What the exercise asks: When a record holds a picture, leave the picture out and copy everything else exactly.

☆ ☆ ☆ ☆ ☆ ☆ ☆

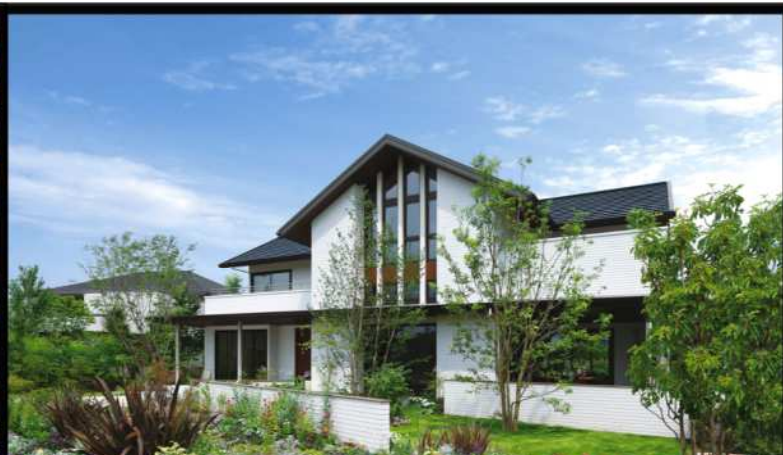
陶板外壁ベルバーン「木造」 シャーウッド
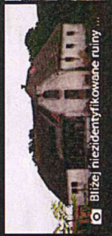
Bliziej niezidentyfikowane ruiny ...
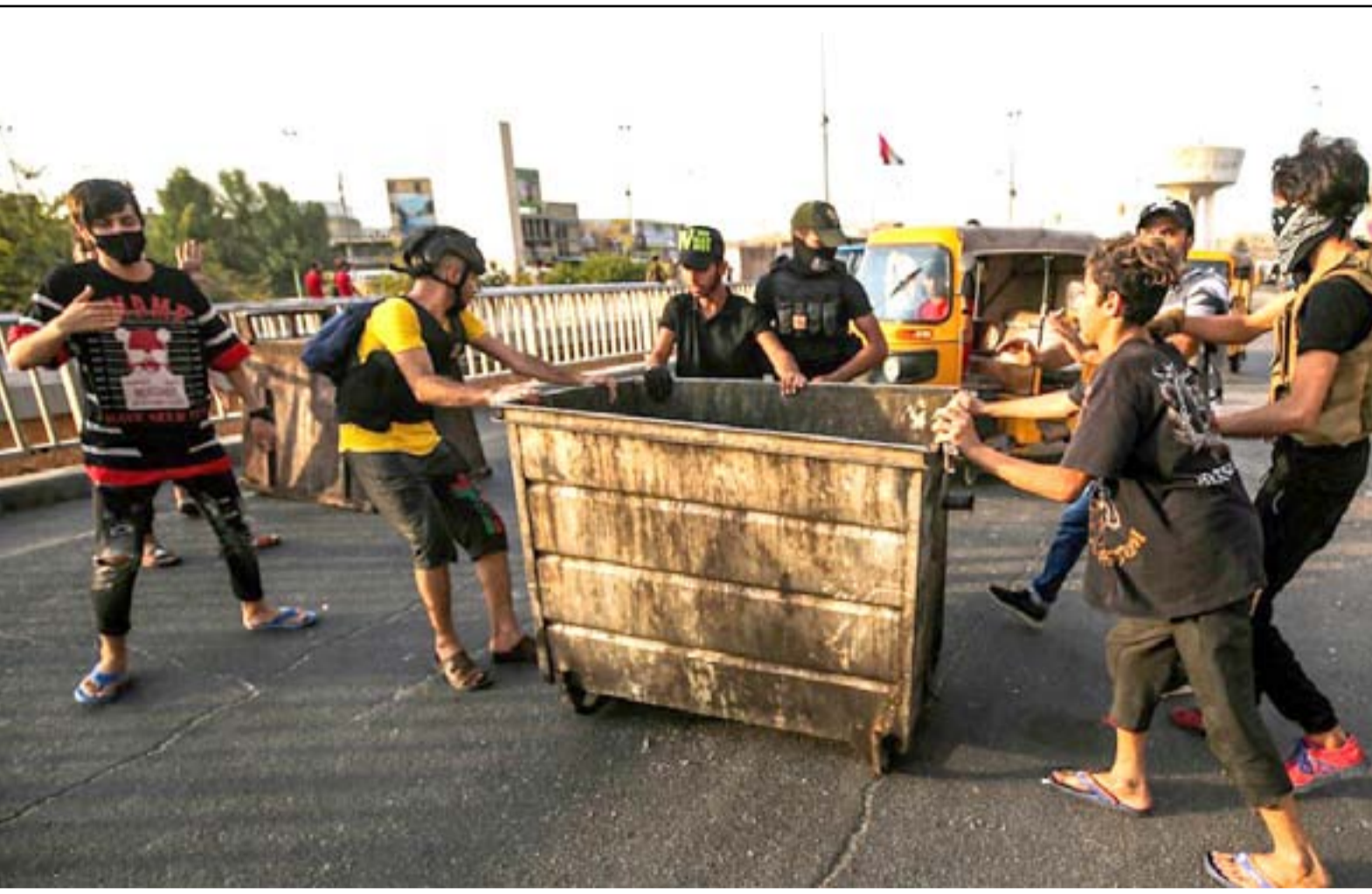
محتجون في ساحة التحرير .. أرشيف

بعد ليلتين من المصادمات الدامية بين متظاهرين وقوات أمنية في ساحتي التحرير والطيران وسط بغداد، عاد هدوء حذر إلى الساحة المركزية للتظاهرات في العاصمة، فيما تم اختطاف متظاهر في شرقي بغداد. وعلى النقيض من ذلك استمر التصعيد في مدن الوسط والجنوب، وبدأ متظاهرون غاضبون بغلاق طرق حيوية ومحطات للطاقة احتجاجاً على سوء تجهيز التيار الكهربائي، فيما حدثت مصادمات مع قوات الأمن.
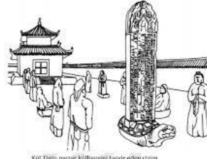
Görsel 6-7. Balbal Tasvirleri (Ögel, 1984); Kül Tigin'e Ait Mezar ve Balballar (Çoruhlu, 2011).

Katanov'un vermiş olduğu bilgilere bakıldığında Yenisey Beltirleri ölen kişinin bedenini tahta üzerinde yıkamaktadır. Bunun yeniden doğuşun gerçekleşeceği kutsal ağaca atıfta yapıldığı çok açıktır. Ritüele bakıldığında erkekler ölü için ağacı oyarak tabut yapmaktadır. Pazırık Kurganları dahil olmak üzere pek çok kurganda bu tabutlara rastlanmıştır (Çoruhlu, 2020: 194). (Görsel 9, 10) Bu gibi uygulamalar hakkında doğrulanmış bilgiler sınırlıdır. Pazırık Kurganları ve benzeri arkeolojik sitelerde ortaya çıkarılan gömü malzemeleri genellikle taştan ve başka malzemelerden yapılmıştır.
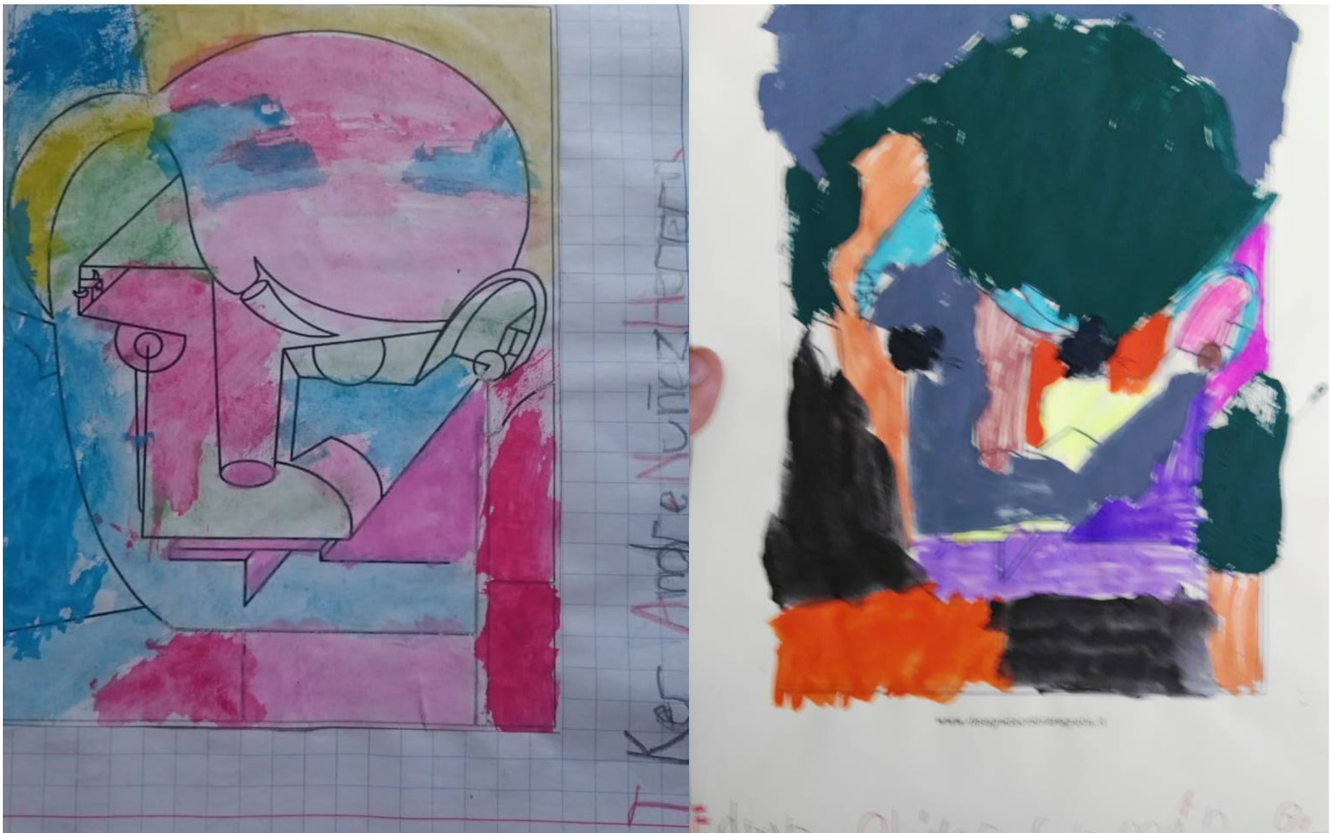
Evidencias de trabajo del estilo artístico de cada alumno
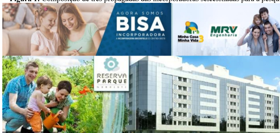
Figura 1: Composição de três propagandas das incorporadoras selecionadas para a pesquisa
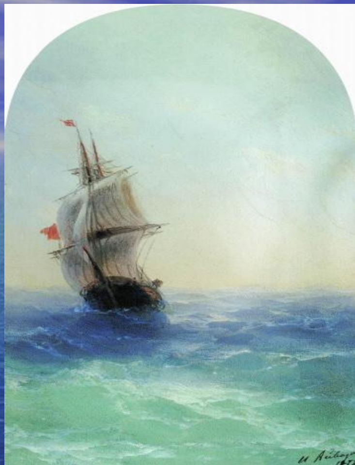
Бушующее море 1872
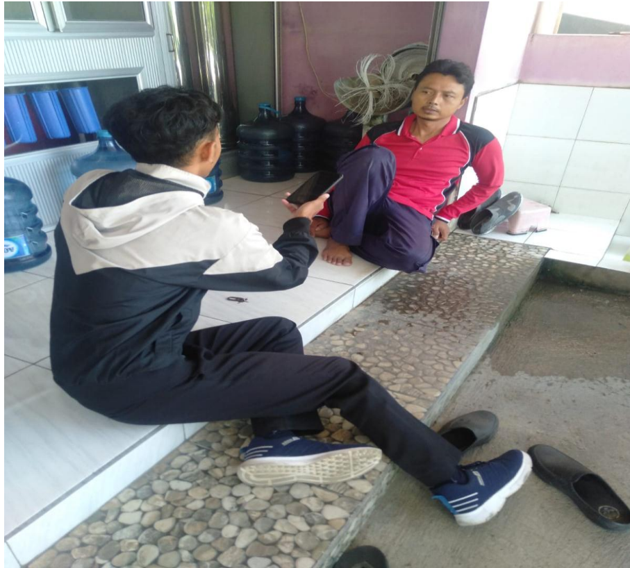
Wawancara dengan Pengurus/mandor Pengisian air di Blanten kecamatan Ungaran barat Kabupaten Semarang.

☆ ☆ ☆ ☆ ☆ ☆ ☆

Exercise answer:
陶板外壁ベルバーン「木造」 シャーウッド
Bliziej niezidentyfikowane ruiny ...
محتجون في ساحة التحرير .. أرشيف

بعد ليلتين من المصادمات الدامية بين متظاهرين وقوات أمنية في ساحتي التحرير والطيران وسط بغداد، عاد هدوء حذر إلى الساحة المركزية للتظاهرات في العاصمة، فيما تم اختطاف متظاهر في شرقي بغداد. وعلى النقيض من ذلك استمر التصعيد في مدن الوسط والجنوب، وبدأ متظاهرون غاضبون بغلاق طرق حيوية ومحطات للطاقة احتجاجاً على سوء تجهيز التيار الكهربائي، فيما حدثت مصادمات مع قوات الأمن.
Görsel 6-7. Balbal Tasvirleri (Ögel, 1984); Kül Tigin'e Ait Mezar ve Balballar (Çoruhlu, 2011).

Katanov'un vermiş olduğu bilgilere bakıldığında Yenisey Beltirleri ölen kişinin bedenini tahta üzerinde yıkamaktadır. Bunun yeniden doğuşun gerçekleşeceği kutsal ağaca atıfta yapıldığı çok açıktır. Ritüele bakıldığında erkekler ölü için ağacı oyarak tabut yapmaktadır. Pazırık Kurganları dahil olmak üzere pek çok kurganda bu tabutlara rastlanmıştır (Çoruhlu, 2020: 194). (Görsel 9, 10) Bu gibi uygulamalar hakkında doğrulanmış bilgiler sınırlıdır. Pazırık Kurganları ve benzeri arkeolojik sitelerde ortaya çıkarılan gömü malzemeleri genellikle taştan ve başka malzemelerden yapılmıştır.
Evidencias de trabajo del estilo artístico de cada alumno
Figura 1: Composição de três propagandas das incorporadoras selecionadas para a pesquisa
Бушующее море 1872
Wawancara dengan Pengurus/mandor Pengisian air di Blanten kecamatan Ungaran barat Kabupaten Semarang.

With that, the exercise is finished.